|M.Sc Student||Eisenberg Ram|
|Subject||The Nature of "The Goodness Experience in Nature" A|
Phenomenological Inquiry Grounded in Eugene
|Department||Department of Architecture and Town Planning||Supervisors||PROF. Tal Alon-Mozes|
|ASSOCIATE PROF. Efrat Eizenberg|
|Full Thesis text - in Hebrew|
As a practicing landscape architect, I have spent the major part of my professional career designing public spaces, aiming to provide the greatest possible sense of well-being to most users. My wish to articulate accumulated, non-conceptualized, concrete knowledge, was the driving force of this venture. Since previous empirical research has firmly established the positive effect of natural environments on a wide range of experiential and behavioural variables, I decided to focus my inquiry on the experience of well-being in nature itself. The somatic processes of Focusing and Thinking-At-the-Edge, by Eugene Gendlin, were adopted for developing first-person and second-person phenomenological methodologies, whilst his seminal philosophical work, "a Process Model" served as the conceptual underpinning for explaining my findings.
A group of 15 focusing students, focused on finding a place that makes them feel good in the nature reserve of Alonei-Ytzhak. The word-for-word transcripts of their sessions became the raw material for a hermeneutic analysis, exploring the evolution of the experience of goodness-in-place.
A content analysis yielded descriptions of a sense of an inner knowing resonating with a meaning embodied in nature; feelings of a "boundlessness" between inner and outer realities coupled with a solid sense of self; a heightened sense of ability; noticing "an immensity", inner landscapes; a feeling of communion, care and generosity; and universal themes as dying, living, and the meaning of human and non-human presence.

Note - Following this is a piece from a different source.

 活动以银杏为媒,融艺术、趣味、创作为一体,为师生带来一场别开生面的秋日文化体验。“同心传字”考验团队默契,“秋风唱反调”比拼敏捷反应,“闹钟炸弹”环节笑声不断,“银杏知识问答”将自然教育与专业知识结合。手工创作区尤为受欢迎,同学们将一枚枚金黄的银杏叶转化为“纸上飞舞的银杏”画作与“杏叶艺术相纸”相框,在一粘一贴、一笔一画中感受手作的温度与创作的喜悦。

A structural reading recognized two central axes: a sensorial differentiation between "in" and "out", and a transition of expression between "conceptualized" and "non-conceptualized" meanings. A crossing of these axes yielded the "Field of Meaning" matrix, which was then used to trace the "flow of attention" over three general steps: A - "before-it" (pre-conceptualized), B -"within-it" (non-conceptualized threshold), and C -"after-it" (newly-conceptualized).
I named the process of transitioning from the pre-conceptualized (old-knowledge) to the newly-conceptualized (insights about self and world), "The Formation of Acquaintance Process". Beginning with "An Appearing", a sensory awareness of something "calling" for attention, it then follows three grand inductive steps:
1. A pre-conceptualized experiencing of "it", over varying depths of "within" such as "Tasting", "Dipping", and "Diving".

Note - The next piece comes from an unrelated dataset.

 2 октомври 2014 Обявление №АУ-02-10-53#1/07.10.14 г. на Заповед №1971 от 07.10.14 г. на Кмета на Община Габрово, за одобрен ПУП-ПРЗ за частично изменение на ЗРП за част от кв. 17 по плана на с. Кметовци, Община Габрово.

2. Contexting: relating the particular experience to one's private-world-of-meaning.
3. Universalizing: making grander and grander generalizations of meaning so as to befit more and more situations.
The "Formation of Acquaintance Process" seems congruous with other scales of experience such as E. Gendlin's "Experiencing Scale" (1969), and D. Seamon's "Modes of Encounter scale" (1979), on which it adds and articulates the contextualizing and conceptualizing tiers as integrative to the goodness-experience-in-nature as a formation of an embodied meaning.
The main insight arising from this study, is that the goodness experienced in nature is closely related to the formation of meaning: at first in an unconceptualized, preverbal form; and then slowly, given time and attention, meaning emerges as a freshly conceptualized insight, which was in itself experienced as goodness.
In conclusion I explore an emergent theory of discursive / non-discursive place; features and processes which may obstruct or be conducive to the genesis of a goodness-experience-in-place.